Quick Terminal
Quick Terminal is a macOS-only drop-down Con window for short terminal work from anywhere on the system.
It is off by default. Turn it on only if you want a global shortcut that can open a terminal over the app you are using.
Turn It On
- Open Settings.
- Go to Keys.
- Enable Quick Terminal.
- Use the default ⌘ Backslash shortcut, or record a different shortcut if that conflicts with your setup.
The shortcut is global. It works when another app is frontmost, as long as Con is running.

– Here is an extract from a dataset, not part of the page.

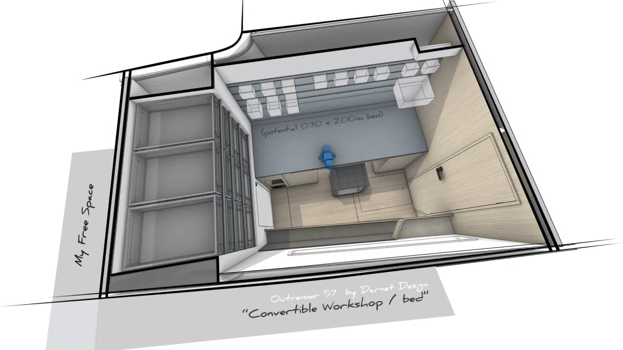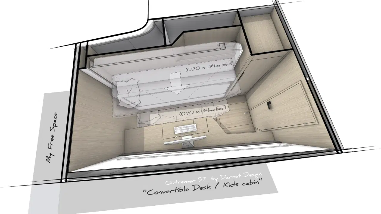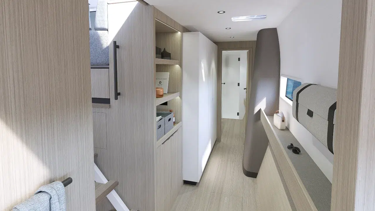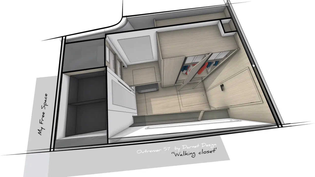 Der Outremer 57 wurde für das echte Leben auf See entwickelt und bietet viel Platz für einen langen Aufenthalt: natürlich integrierte Stauräume, leicht zugängliche Technikbereiche und eine Ladekapazität, die es Ihnen ermöglicht, alles mitzunehmen, was Sie für eine lange Reise benötigen. An Bord können Sie mit einem einzigen Schritt zwischen Salon und Cockpit wechseln, dank der Öffnungen an der Front und an den Seiten zirkuliert die Luft, und die zentrale Insel und die Kombüse wurden neu gestaltet, um dem Leben auf See und vor Anker gerecht zu werden. Dieser ganzheitliche Ansatz schafft ein Boot, das autarker, komfortabler und vor allem im Alltag leichter zu bewohnen ist.

You can also open it from View -> Quick Terminal or the command palette while Con is active, even if the global shortcut is off.
How It Feels
Press the shortcut and Con slides a dedicated terminal down from the top of the active display. Press it again and the window hides. When you hide it with the shortcut, Con returns focus to the app you were using before.
Clicking another app also hides Quick Terminal. In that case macOS keeps focus on what you clicked.
The window is intentionally simple:
- it has no titlebar or traffic-light buttons
- it spans the visible width of the active screen
- it starts at about half the screen height
- you can drag the bottom edge to change its height while it is alive
What It Keeps
Quick Terminal is a real Con workspace. As long as you hide it instead of closing it, it keeps the things you expect a live terminal to keep:
- tabs
- panes
- working directories
- running shells and TUIs
- visible scrollback
That makes it useful for small loops: check a server, run a one-off command, peek at logs, or keep a scratch shell close without moving your main Con windows.
What Ends It
Hiding is not the same as closing.
If you close the last tab or exit the last shell, the Quick Terminal window is destroyed. The next shortcut creates a fresh Quick Terminal from your home directory.
Quick Terminal does not keep a separate saved layout, remembered height, or private workspace after it is destroyed. If a workspace matters, keep it in a normal Con window or save a workspace profile.
Quick Terminal vs Summon / Hide Con
Con has two macOS global-window features. They solve different problems.
| Feature | What it does | Use it when |
|---|---|---|
| Quick Terminal | Opens a dedicated top-pinned terminal window. | You want an iTerm-style scratch terminal from any app. |
| Summon / Hide Con | Shows or hides the normal Con app window. | You want to jump back to your main Con workspace. |
Both are off by default because global shortcuts can collide with launchers, window managers, and other terminal apps.
If the Shortcut Does Nothing
- Make sure Con is running.
- Make sure Settings -> Keys -> Quick Terminal is enabled.
- Try a different shortcut if another app already owns ⌘ Backslash.
- If you are recording a shortcut in Settings, Con temporarily suspends its global hotkeys so the shortcut can be captured instead of triggered.
Credit
Quick Terminal was introduced by
sundy-li in
PR #135.
Platform Support
Quick Terminal is macOS-only. Windows and Linux keep the normal Con window model for now.